--- Aim of the exercise ---
In the records below, find the line that contains "Сотрудниками библиотеки была" and the line that contains "- PENINGKATAN PEMAHAMAN". Set down exactly those lines and every line between them, and nothing more.

--- Source material ---
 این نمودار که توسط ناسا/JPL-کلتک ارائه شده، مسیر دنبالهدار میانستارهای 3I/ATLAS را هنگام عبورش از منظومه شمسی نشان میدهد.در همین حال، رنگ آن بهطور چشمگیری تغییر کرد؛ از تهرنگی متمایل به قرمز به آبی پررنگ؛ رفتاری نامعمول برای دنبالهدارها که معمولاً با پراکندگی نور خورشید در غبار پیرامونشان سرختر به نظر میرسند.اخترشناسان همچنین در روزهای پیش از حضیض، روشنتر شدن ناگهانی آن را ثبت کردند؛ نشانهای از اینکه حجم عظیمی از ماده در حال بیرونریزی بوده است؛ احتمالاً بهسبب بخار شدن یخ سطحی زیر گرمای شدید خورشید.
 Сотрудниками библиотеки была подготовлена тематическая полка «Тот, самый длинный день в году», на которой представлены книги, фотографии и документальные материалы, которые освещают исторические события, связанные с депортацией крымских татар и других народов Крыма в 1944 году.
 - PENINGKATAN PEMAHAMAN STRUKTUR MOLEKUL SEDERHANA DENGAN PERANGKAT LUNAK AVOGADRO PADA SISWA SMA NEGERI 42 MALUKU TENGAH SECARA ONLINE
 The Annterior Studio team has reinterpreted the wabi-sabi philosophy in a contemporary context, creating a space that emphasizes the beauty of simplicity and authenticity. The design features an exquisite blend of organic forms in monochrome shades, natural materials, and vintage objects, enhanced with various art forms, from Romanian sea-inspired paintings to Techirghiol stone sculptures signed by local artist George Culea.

--

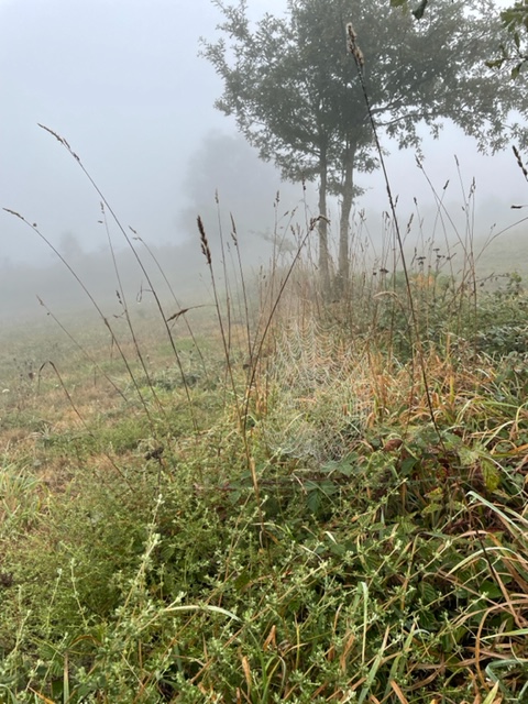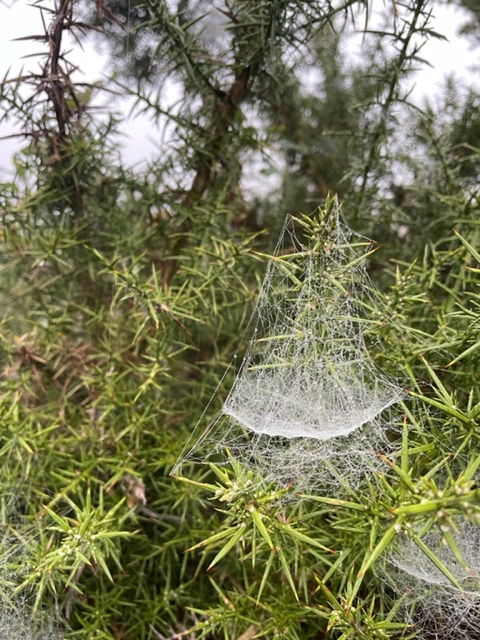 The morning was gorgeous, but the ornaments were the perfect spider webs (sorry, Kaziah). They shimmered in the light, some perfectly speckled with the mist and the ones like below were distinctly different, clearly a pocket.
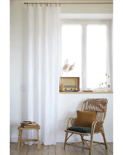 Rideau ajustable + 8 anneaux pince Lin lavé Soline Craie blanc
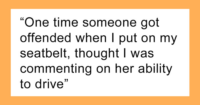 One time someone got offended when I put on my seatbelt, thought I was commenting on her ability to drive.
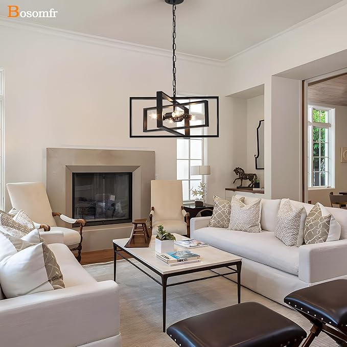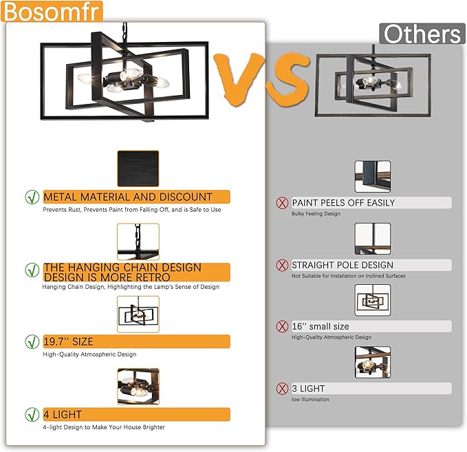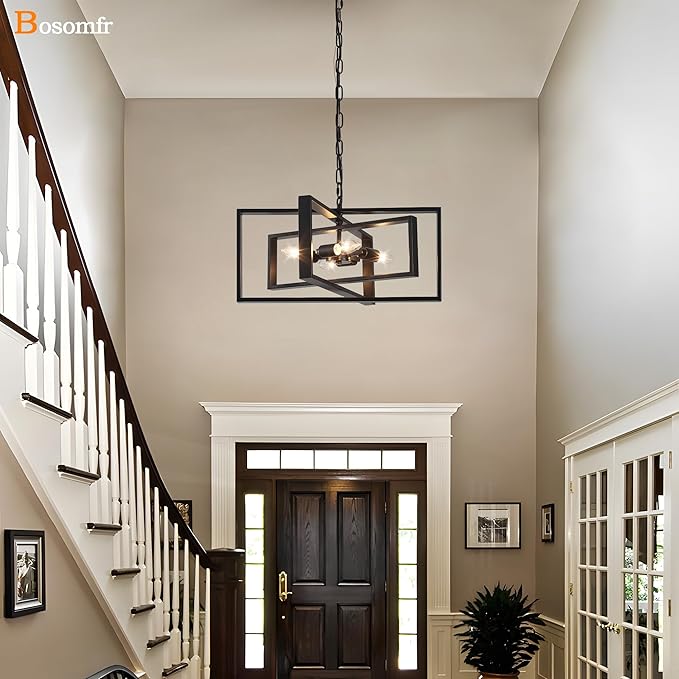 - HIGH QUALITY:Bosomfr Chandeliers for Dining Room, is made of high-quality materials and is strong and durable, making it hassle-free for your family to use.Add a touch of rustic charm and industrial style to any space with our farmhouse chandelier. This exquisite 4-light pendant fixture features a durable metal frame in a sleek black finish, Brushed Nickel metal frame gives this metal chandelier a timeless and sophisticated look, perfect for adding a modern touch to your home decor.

--- Task result ---
 Сотрудниками библиотеки была подготовлена тематическая полка «Тот, самый длинный день в году», на которой представлены книги, фотографии и документальные материалы, которые освещают исторические события, связанные с депортацией крымских татар и других народов Крыма в 1944 году.
 - PENINGKATAN PEMAHAMAN STRUKTUR MOLEKUL SEDERHANA DENGAN PERANGKAT LUNAK AVOGADRO PADA SISWA SMA NEGERI 42 MALUKU TENGAH SECARA ONLINE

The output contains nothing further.